Fendi Bendi
Video Summary
In this video, I dive into an intriguing limitation of implied predicates in SQL Server. Typically, SQL Server is quite adept at leveraging a predicate across multiple parts of a query to optimize performance. However, I explore a scenario where the presence or absence of certain predicates can significantly impact the execution plan and runtime. By analyzing a specific example, we uncover how the optimizer’s handling of join predicates within hash joins can lead to suboptimal plans, even when the data filtering seems straightforward. This discussion highlights the importance of residual predicates in query optimization and offers insights into why sometimes adding an index or restructuring a query can dramatically improve performance.
Full Transcript
In this exciting, scintillating, thrilling video, we will be discussing some, well I think is a pretty interesting limitation of implied predicates in SQL Server. Normally, SQL Server is quite good at taking a predicate and using it in as many places as possible to to make a query fast. Let’s take this query for example. Right? Now, the results of this thing are absolute garbage. There is nothing useful about this. But the query plan has a few useful things in it. One, we have a very rare impact of 100 on the nose for a missing index request. Fortunately, this query already finishes relatively quickly and already has a fairly low cost. But one, one might wonder, if we add that index, would it truly cost zero to run this query? Interesting, interesting question. One that we’re not going to answer today. We’re going to leave that there. Another thing that this query plan has going for it is this little red X on the nested loops join. And a warning that comes along with it saying that there is no join predicate.

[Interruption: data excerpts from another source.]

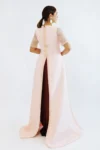 Graceful, refined, and timeless—this dual-toned evening gown exudes quiet sophistication. Designed in a soft blush outer layer accented with intricate embroidery on the sleeves and borders, it beautifully frames a deep wine-hued inner panel for a striking contrast. The modest neckline and flowing silhouette strike the perfect balance between elegance and modern femininity, making this gown ideal for formal gatherings, cultural celebrations, or distinguished evening occasions.
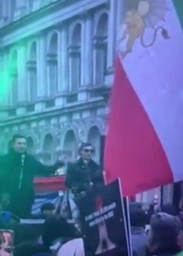 In a public outdoor space, likely a protest, a man speaks at a podium in front of a crowd. Another man stands beside him. Behind them is the old Iranian flag, featuring a lion with a sword on a white band. In the foreground, a person holds a sign with a picture of a man and text that reads "In only 2 years 31.540 people went back to the ARS." The building behind the crowd is a multi-story structure with arched windows. A green light is briefly visible. People in the crowd are holding phones.
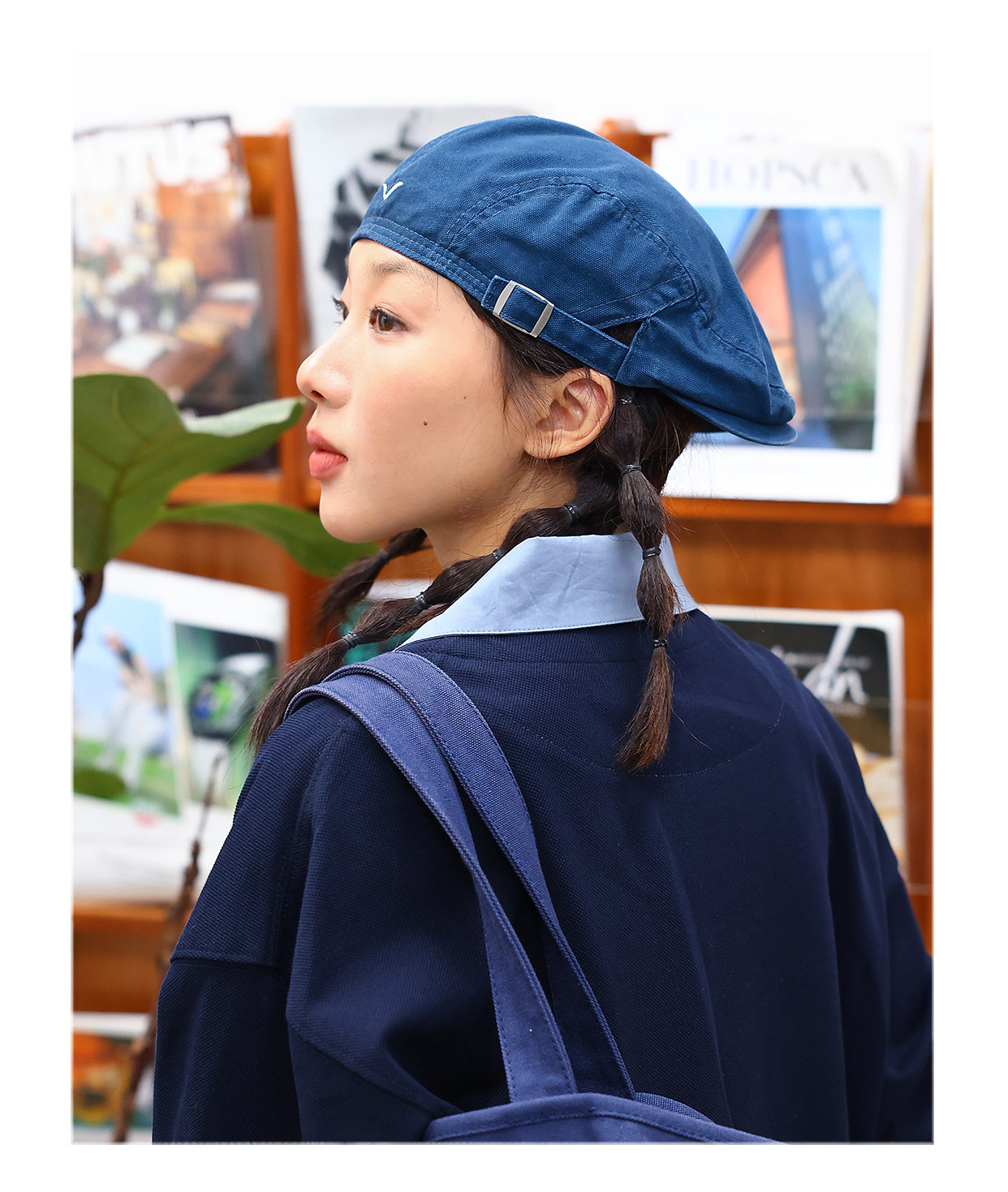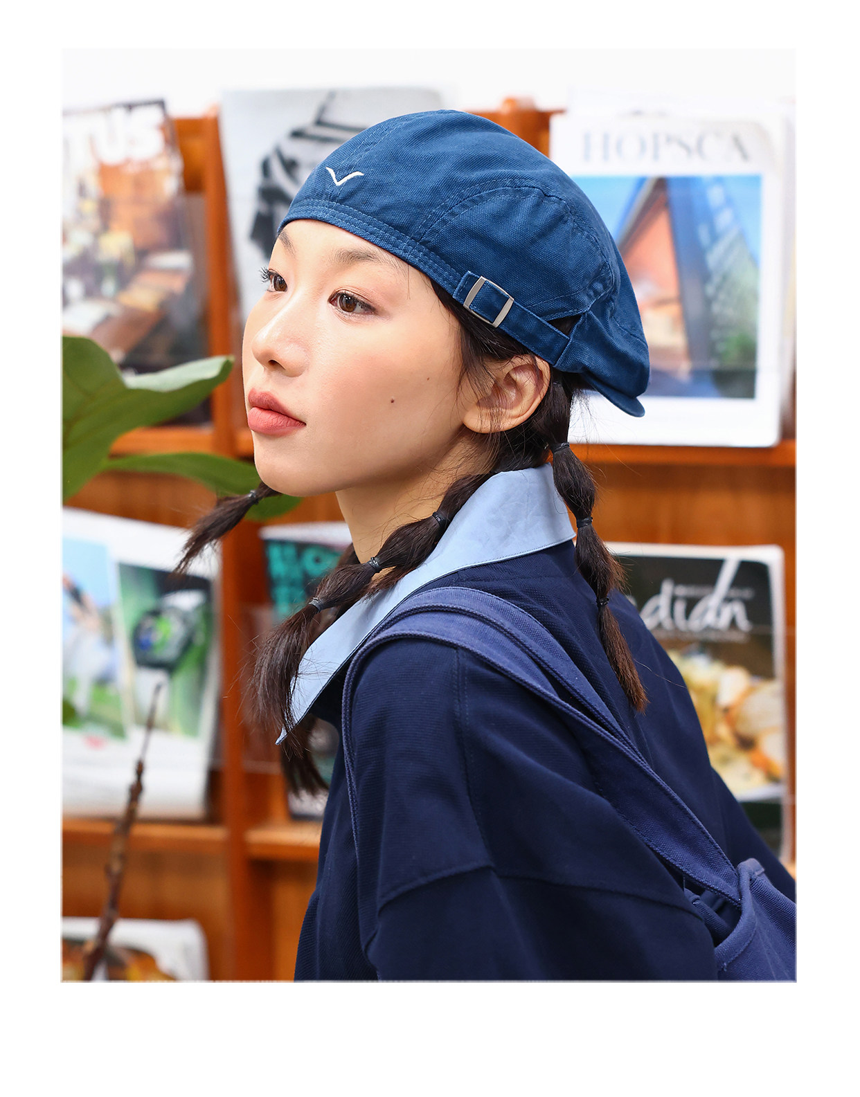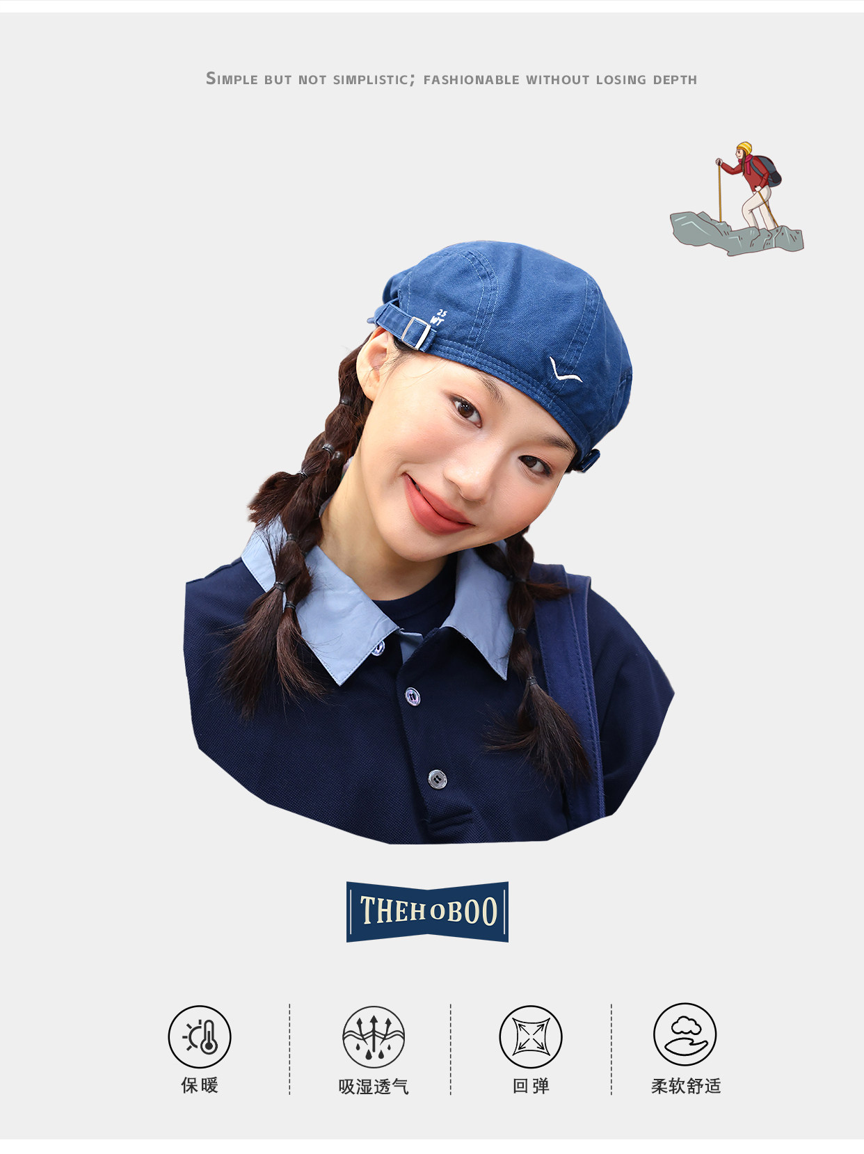 THE HOBOO original embroidered reverse beret women's autumn and winter forward hat showing face small hat men's newsboy hat
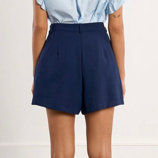 The Molly Bracken Pleated Flare Shorts feature a high-waisted design that promotes a flattering silhouette. The flared fit enhances comfort and ease of movement, while the zip and button fly closure ensures a secure fit. With practical side pockets, these navy blue shorts combine functionality with style, making them suitable for various occasions.
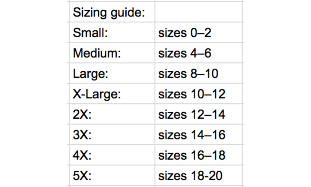 - Sizing chart
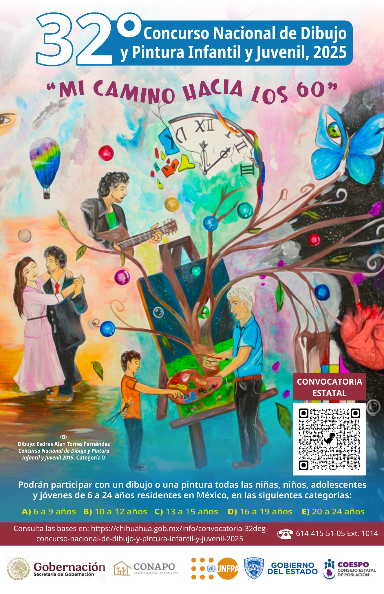 Para más información comunicarse al teléfono (614) 415-51-05, extensión 1014 o 1015, o consultar las redes oficiales de Coespo: https://chihuahua.gob.mx/info/convocatoria-32deg-concurso-nacional-de-dibujo-y-pintura-infantil-y-juvenil-2025

Boy, oh boy. Boy, oh boy. I know what you’re thinking. Erik Darling has finally lost his damn mind. He has finally gone completely soft after four years of quarantine. He’s finally lost his mind. But no, it’s not me, it’s you. You. What happened? Well, if we look at this side, look at this clustered index scan, we have a predicate where user ID equals 22656. And if we look over here, we’ll have another one. We’re having a stubborn tool tip today. But if we look over here at this clustered index scan, we will also, oh, we were there. We will also have a predicate of 22656. Meaning that any row that leaves here or here will already be user ID 22656. So yes, there is no join predicate here, but every row is going to match anyway. So yes, there is no join predicate here. So let’s take a break. Let’s take a break.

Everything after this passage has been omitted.